Panel builder/integrator cuts install time; improves efficiency

BDI identified two prime areas to improve the panel integration process: reduce installation time and decrease labor costs. Because the end-users’ panel requirements constantly change, BDI needed to build panels that easily accommodated upgrades.

By Plant Engineering Staff May 6, 2005

Indiana-based BDI Engineering, Inc. offers electrical panel construction, installation, and startup services for process control, industrial refrigeration, power management, and food processing applications. Founded in 1998, BDI started as a simple panel-build shop that has today expanded into a turnkey solutions provider capable of designing complex panels for clients such as 3M, Coca-Cola, Dean Foods, Ford Motor Company, General Motors, Johnson & Johnson, Nestle, and PepsiCo.

“The integrated expertise of industrial, electrical, and mechanical engineering professionals enables us to zero in on the complete solution to a given problem,” said Brad Johnson, president and founder, BDI. “Having this capability allows our customers to deal with one small company for any control project, knowing that we have years of experience in the associated field of need.”

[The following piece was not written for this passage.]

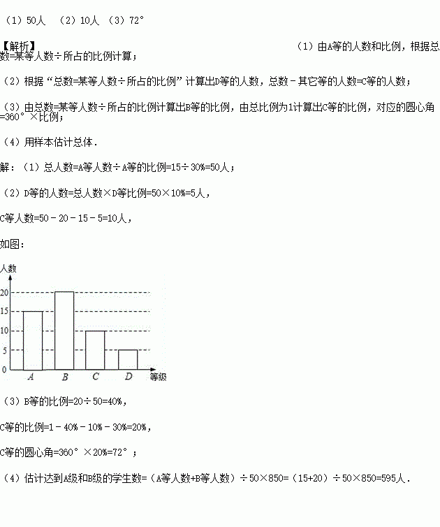(4)若该校九年级学生共有850人参加体育测试,估计达到A级和B级的学生共有

Rising installation time and cost

To compete with larger, more established system integrators, BDI needs to outperform its competitors in cost, quality, and delivery time. The traditional approach to building panels was inefficient for BDI, particularly when it mounted and wired the components into the panel. As panels became more complex, the installation time increased, resulting in higher labor costs.

Because traditional wiring of panels was inefficient and relied heavily on the expertise of engineers, it often resulted in wiring errors that affected delivery schedules. Panel upgrades and maintenance also were costly and time consuming. Often, the machines were required to shut down for an extensive amount of time for a simple upgrade or routine maintenance, resulting in lost productivity. Additionally, it was difficult to find local service and support for hard-wired panels. And, because BDI works on a deadline-driven schedule, the specified components and documentation needed to be delivered on time consistently.

BDI identified two prime areas to improve the panel integration process: reduce installation time and decrease labor costs. Because the end-users’ panel requirements constantly change, BDI needed to build panels that easily accommodated upgrades.

BDI’s solutions

BDI selected Rockwell Automation and its Allen-Bradley distributor, Wabash Electric, to provide a portfolio of panel products. One of these products was the Bulletin 141A MCS mounting system, a part of an Allen-Bradley Modular Control System (MCS) busbar mounting system. This system offered BDI the advantages it was looking for over traditional mounting approaches, including:

  • Installation — The system that BDI implemented almost eliminates the need for drilling and tapping holes because power distribution is reduced to a single feed for multiple automation components. Using pluggable modules, BDI can simply snap motor starters onto the busbar and wire only motor load connections.

  • Reliability — Using the mounting system, BDI has increased the reliability in its panels. The selected system offers superior reliability of busbar contacts, and it extends “Type 2” coordination to starters mounted onto the busbar.

  • Flexibility — In the past, maintenance and upgrades were difficult and time consuming. Now BDI is able to perform upgrades considerably faster than with the traditional, hard-wired mounting systems.

    • “When building a panel, the mounting system allows us to leave spare slots for future upgrades and expansions as needed,” Johnson said. “When a customer wants to expand or service a panel, we can simply snap in additional starters by isolating key areas through busbar-mounted isolation circuit breakers rather than disabling the entire system.”

      The mounting system also provides a clean and organized look because of reduced exposed wiring and a structured layout. To solve its system design challenges, BDI uses the MCS Star Configuration Software that allows BDI to efficiently configure the MCS Starters and lay out complete assemblies on the MCS Mounting System. The software performs engineering calculations to assure that the system is properly designed and warns users of potential design problems.


      Using the Allen-Bradley Modular Control System, BDI reduced its installation time by as much as 30% because the company no longer needs to assemble starters, drill or tap holes, mount components onto the DIN rail, or wire all components individually. With the selected products, starters are pre-wired and can be easily mounted onto the busbar. The mounting system does not require holes to be drilled for individual starters, which saves BDI valuable installation time and labor costs.

      BDI also noticed significant savings in panel space using the mounting system. The panels featuring busbar-mounting systems are more compact than traditional mounting arrangements as a direct result of reduced wiring.